= High Zero =

High Zero is an annual festival, beginning in 1999, of Experimental Free Improvised Music in Baltimore, Maryland, United States. It is hosted by the Red Room Collective, a volunteer group that sponsors weekly concerts in improvised music and experimental theater, film, poetry, etc. in a side room of Normals Books and Records. Since 2001, the festival has been hosted at Baltimore's Theatre Project space.

The festival focuses on non-idiomatic improvisation, vocal improvisation, instrument building, electronics, sound art, and community events. The main theatre-based performances aim to bring together improvisers who typically have never played together previously into novel live situations in front of festival audiences, creating, potentially, a new experience for both audience and performer.

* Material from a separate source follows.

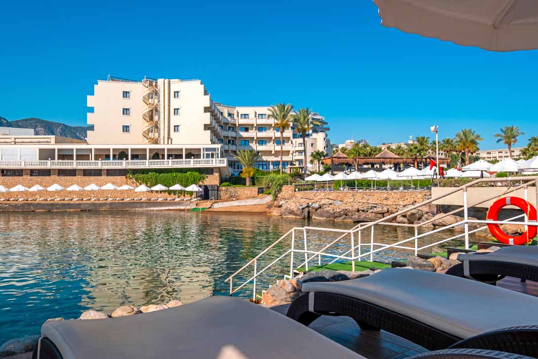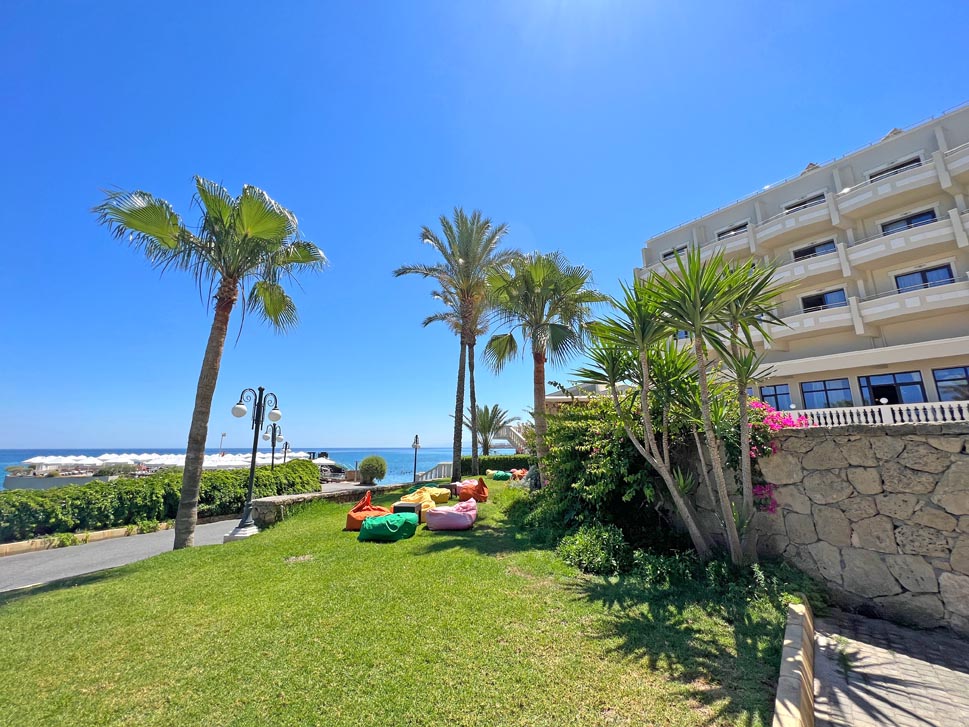 This modern hotel has contemporary decor throughout the plush and spacious rooms and suites. Balconies offer superb views of the gorgeous sandy beach and brilliant blue Mediterranean Sea. The hotel is surrounded by tropical gardens with walkways through the exotic plants and foliage. The unusual swimming pool provides an attractive focal point. A stone jetty leads to an attractive circular terrace in this modern luxury hotel. Guests can look forward to pampering treatments in the serene spa or spend the day relaxing beneath a shady parasol on the golden sandy beach.

High Zero draws from a large, international base of improvisors of many backgrounds, but traditionally gives half of the invitations for performance to Baltimore-based musicians.

High Jinx, a part of the festival focused on site-specific and community events, is a unique appendix to the festival. Typical events include a musical bike ride, an invented instrument band, a parade through Fells Point, and other outdoor performances.

The festival has yielded six CDs on the Recorded label, each based around a particular performer (in order of release: Carol Genetti, Joe McPhee, Katt Hernandez, Jack Wright, Oleyumi Thomas and Neil Feather), which have, as a result of the festival's format, yielded documents of scarcely documented performers, including John Berndt, Paul Hoskins, John Dierker, Jason Willett, Chet Pancake, James Coleman, Sean Meehan, Michael Johnsen, Jerry Lim, Ian Nagoski, Dan Breen, Dave Gross, Andy Hayleck, Helena Espvall, Evan Rapport, Keenan Lawler, Christopher Meeder, and Jim Baker.

==Notable performers==
- In 2005, Phil Minton, an internationally known vocal improvisor, performed and directed a Feral Choir at the festival.